Si la nueva cuota aprieta el presupuesto, estas son opciones reales que muchas familias valoran (sin que ninguna sea “la mejor” para todo el mundo):
Si tienes ahorro disponible, reducir el capital pendiente hace que, a igualdad de tipo y plazo, la cuota baje, o permite acortar años. La decisión entre bajar cuota o bajar plazo merece un cálculo propio: puedes usar la calculadora de amortización parcial.
Negociar un cambio de condiciones (por ejemplo pasar a fijo o mixto, o mejorar el diferencial) con la misma entidad. Hay que pedir oferta por escrito y comparar comisiones y TAE.
Llevar la hipoteca a otro banco con mejores condiciones. Implica trámites y posibles gastos; conviene comparar el ahorro real a lo largo de los años que queden.
A veces el coste total no es solo el tipo: seguros, cuentas o comisiones influyen. Revisar qué es obligatorio y qué no puede aliviar la carga mensual.
Ninguna de estas vías garantiza un resultado concreto: dependen de tu perfil, del capital pendiente y de las ofertas del mercado en ese momento.
El mecanismo de revisión es el mismo en la idea (índice + diferencial en la fecha prevista), pero el índice es el IRPH Entidades (u otra variante si el contrato es antiguo). El IRPH se publica también de forma oficial y su evolución puedes seguirla en IRPH histórico y en la comparativa IRPH vs Euríbor.
Si además te planteas el debate de la transparencia de la cláusula, la información orientativa está en reclamar IRPH y en las páginas de actualidad judicial de esta web. Ahí el eje no es solo “si el índice es más alto”, sino cómo se informó en la contratación.
¿El banco puede cambiar el diferencial en la revisión?
En la revisión ordinaria del índice, el diferencial suele permanecer el de la escritura. Cambiarlo implica un acuerdo de novación u otra operación contractual.
¿Puedo negarme a la revisión?
La revisión del índice es parte del contrato variable. Lo que puedes hacer es amortizar, negociar condiciones o cambiar de entidad, no “congelar” el índice por tu cuenta.
¿Sirve el Euríbor a 6 o 3 meses?
Solo si tu escritura lo dice. La gran mayoría de hipotecas variables a particulares en España usan el Euríbor a 12 meses.
¿La estimación de una calculadora online es exacta?
Es una aproximación. El banco aplica redondeos, días exactos y el capital preciso de su sistema. Sirve para anticipar el orden de magnitud, no para sustituir el recibo oficial.

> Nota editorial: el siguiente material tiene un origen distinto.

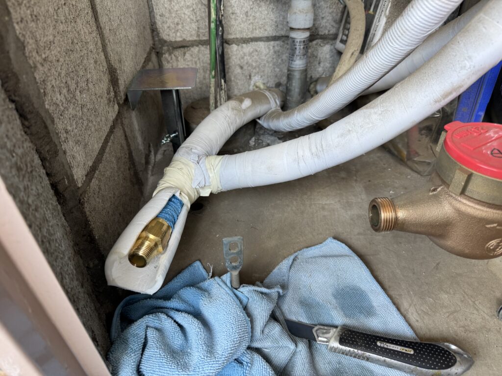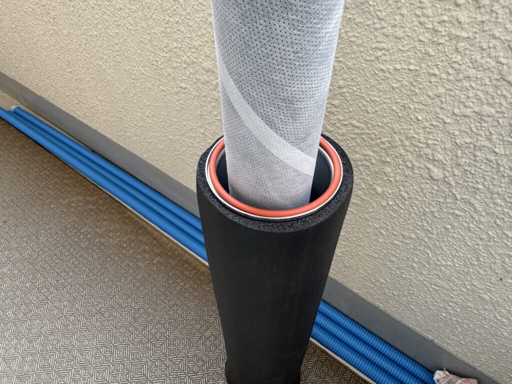 配管の保温材がその上からキャンバステープなどで巻かれていないため
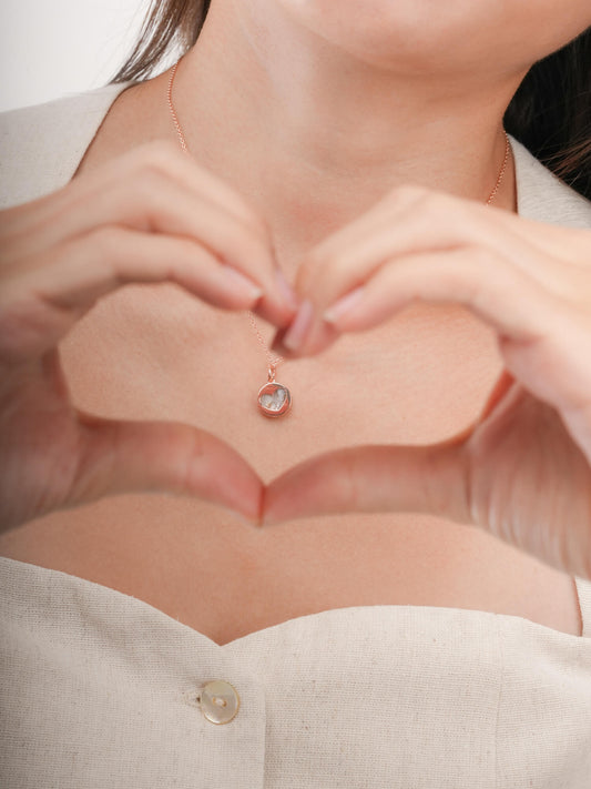 Pink Heart Necklace - Reversible Enamel Moissanite
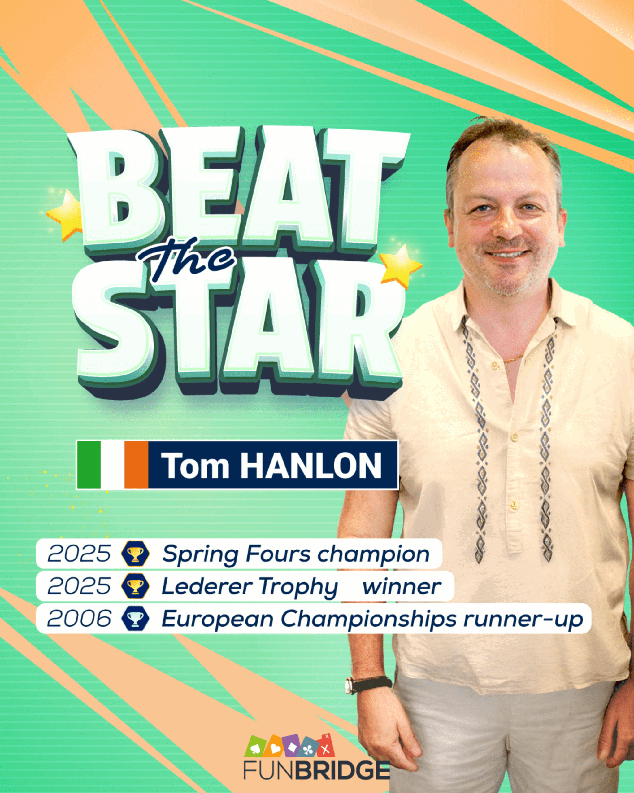 The competition starts on 26 February (this Thursday) and will run for 3 days. You’ll play 12 boards against Tom, with IMPs scoring. You will need a Funbridge premium subscription to play but the code CBAI2026 is still active, and will give you two months’ free as a premium subscriber. (You will be charged after the two months expires.) To register for the competition, just click on this link. We hope to see plenty of people take Tom on, and that at least some will “beat the star”.
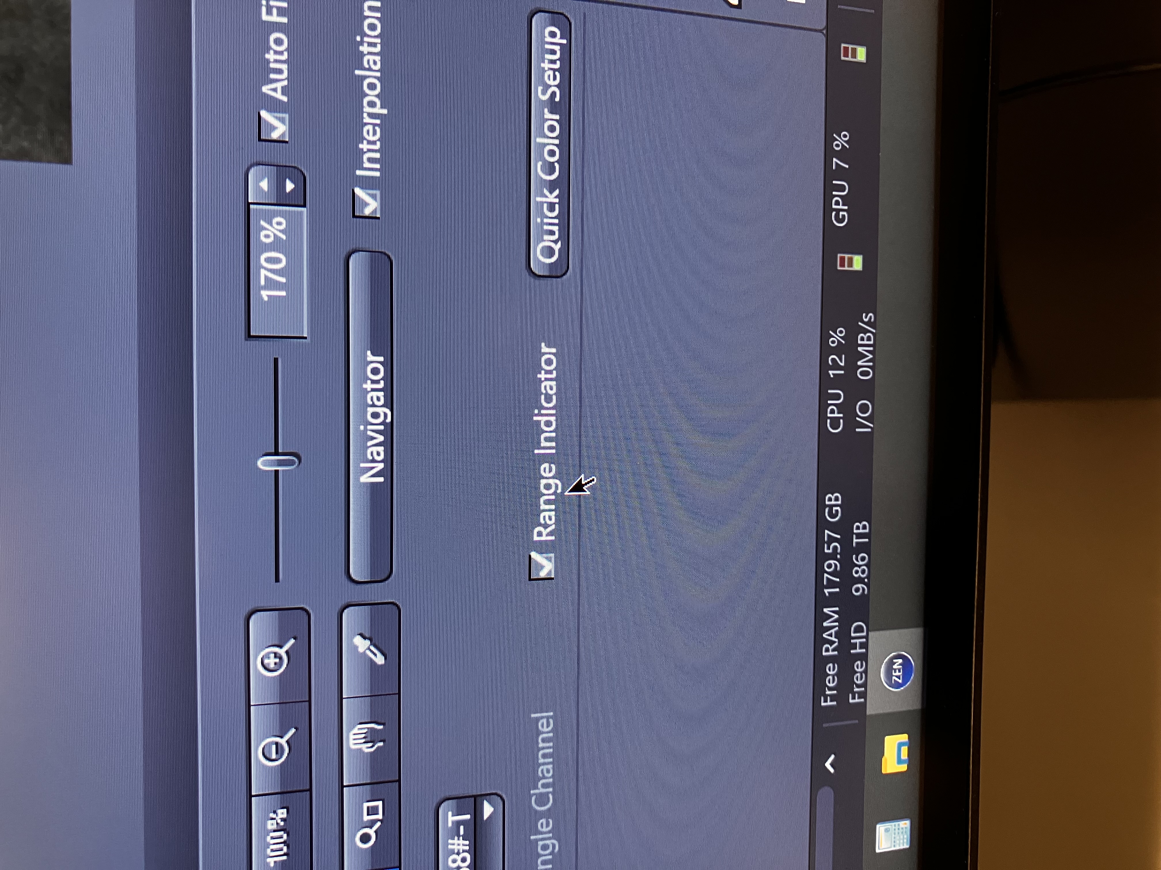 - Check the range indicator for any saturated pixels. There should be no saturated pixels at all. Saturated pixels display as red. Having saturated pixels can negatively affect deconvolution methods in processing steps downstream.
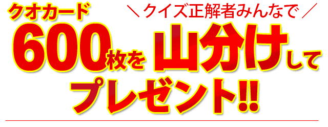 クイズ正解者の方には、合計600枚の★お一人様あたりの最大額は1万円分(クオカ500円分×20枚)とさせていただきます。
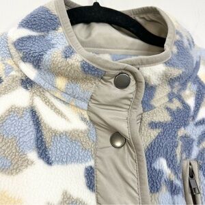 Thread + Supply blue taupe yellow white camo fleece jacket M
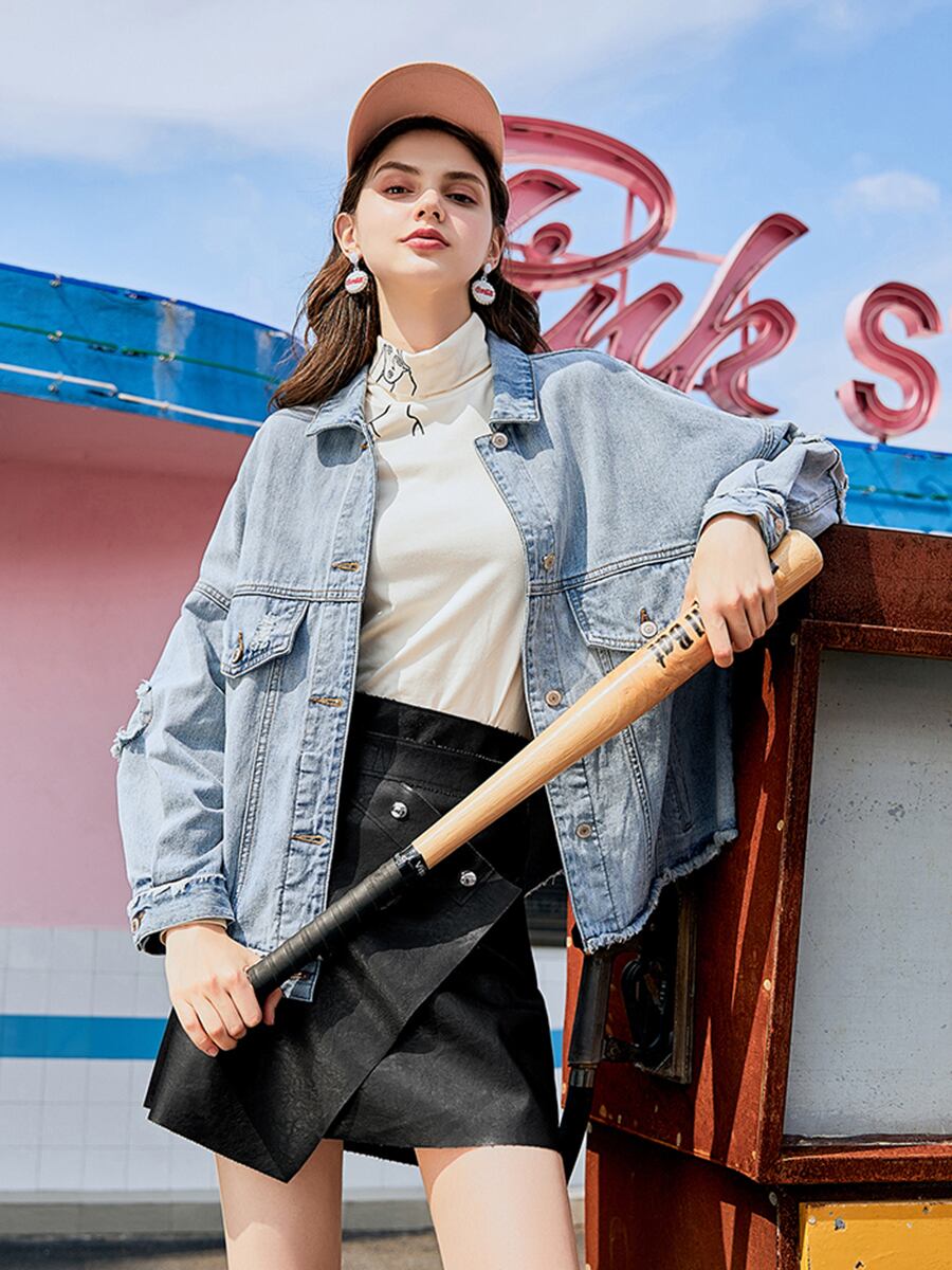 春 秋 冬 レディース ジャケット アウター デニムジャケット デニムカラー 長袖 ルーズ ボーイフレンド カジュアル かわいい おしゃれ 韓国 きれいめ プチプラ FA-8-137 | dress_sugar_moon

Preparar la revisión de la hipoteca variable es, sobre todo, conocer tu escritura, usar el índice correcto (media del mes de referencia) y hacer números antes de la carta. Con eso reduces la incertidumbre y puedes decidir con más tranquilidad si conviene amortizar, negociar o simplemente asumir la nueva cuota.
En IRPH.es tienes el histórico del Euríbor, el del IRPH, gráficos comparados y calculadoras de revisión y amortización para que esa decisión se apoye en datos, no en rumores.
Información orientativa. No constituye asesoramiento financiero ni jurídico. Contrasta siempre con tu escritura y con la información oficial del Banco de España.